My only birding-specific trips so far have been to the upper gulf coast and Rio Grande Valley of Texas with the same guys a few years ago (only a few hours from home), so this trip has dominated my thoughts since committing to it. 80% of the birds I'm likely to see will be brand new. The preparation is almost as fun to me as the trip. I've researched a bunch of hypothetical trips, knowing full well they weren't likely to actually occur.

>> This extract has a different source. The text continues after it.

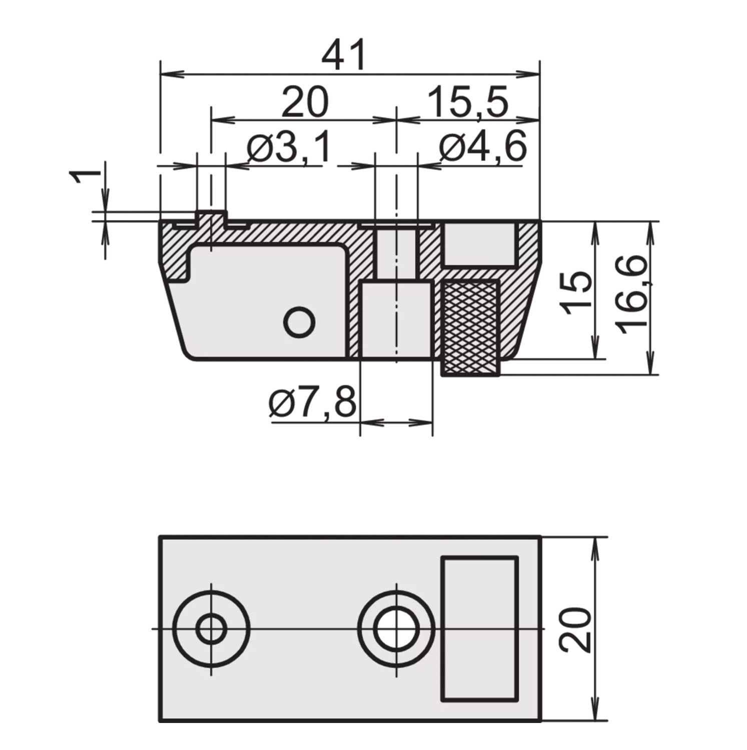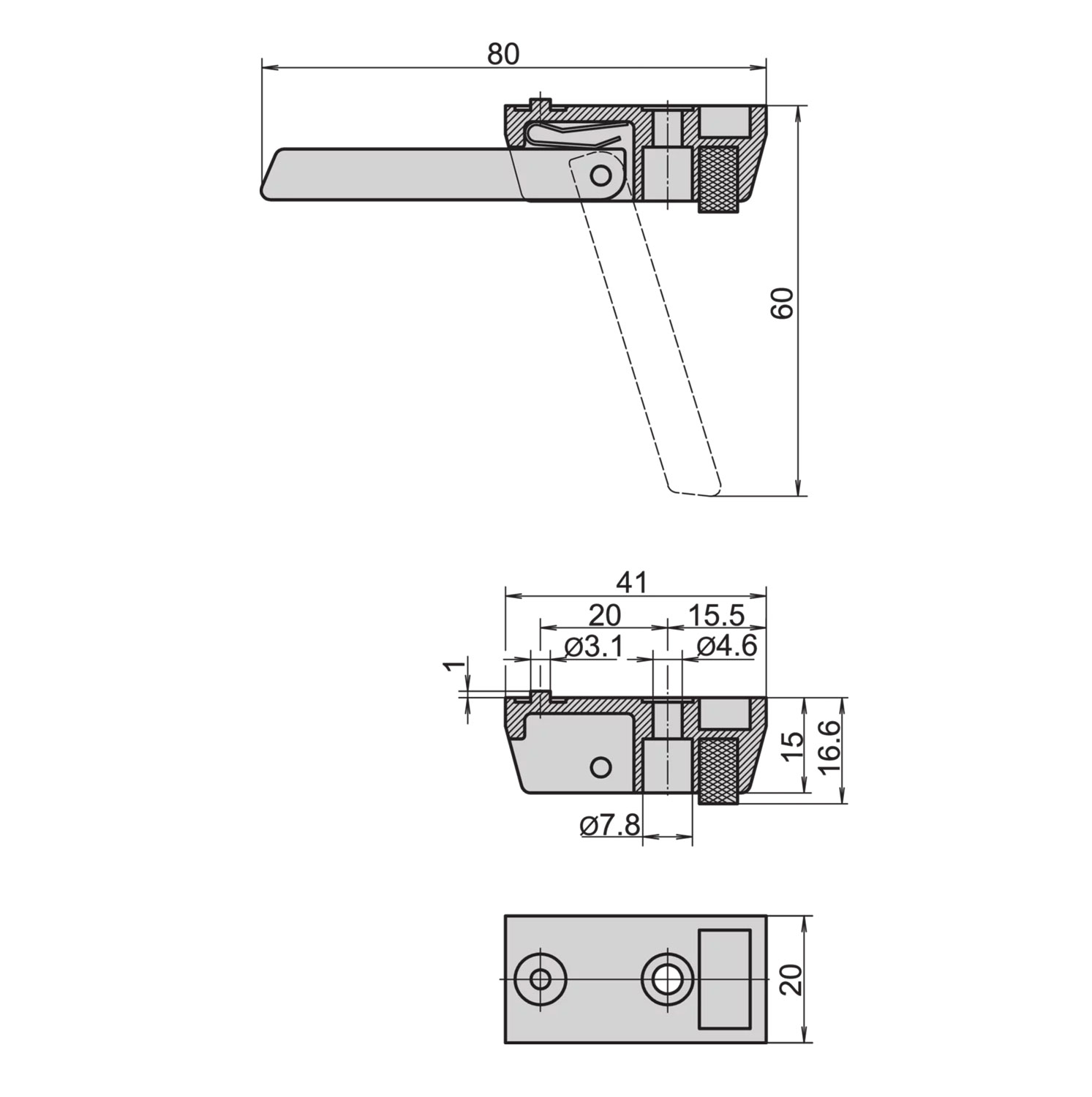 The tip‐up feet from aluminum die cast material enable mounting on the bottom plate of a case. Available with or without tip-up function. Color RAL 9006 White Aluminum.

Anyway, what were your favorite birding trips?
 
I’ve been fortunate to go on some amazing adventures. My favorite was 35 days in the SW Brazilian Amazon with a friend. Close runner up was the Atlantic Odyssey. Amazing trip and made a friend who is now a friend for life and we see each other regularly.
 
I'm little traveled compared to most of my contemporaries but my best birding jaunt by far was a winter trip to Japan which got me four birds on my 'top ten' list - any albatross (I saw 3 species), Steller's Eagle, Blakiston's Fish Owl & Red-crowned Crane (& masses of multiple crane species near Izumi) plus lots of terrific birds. A fascinating country.
 
6 months in Thailand and Malaysia (including Sabah), low budget, no guides, public transport. I wish I could go for that long again, although I have managed plenty of 5/6 week trips so I am luckier than many.

Highlights orangutan, proboscis monkey, Gurney's and several other species of pitta.

I got home, couldn't cope and so went off to work In Cape May for a couple of months very shortly afterwards. Life was simpler then.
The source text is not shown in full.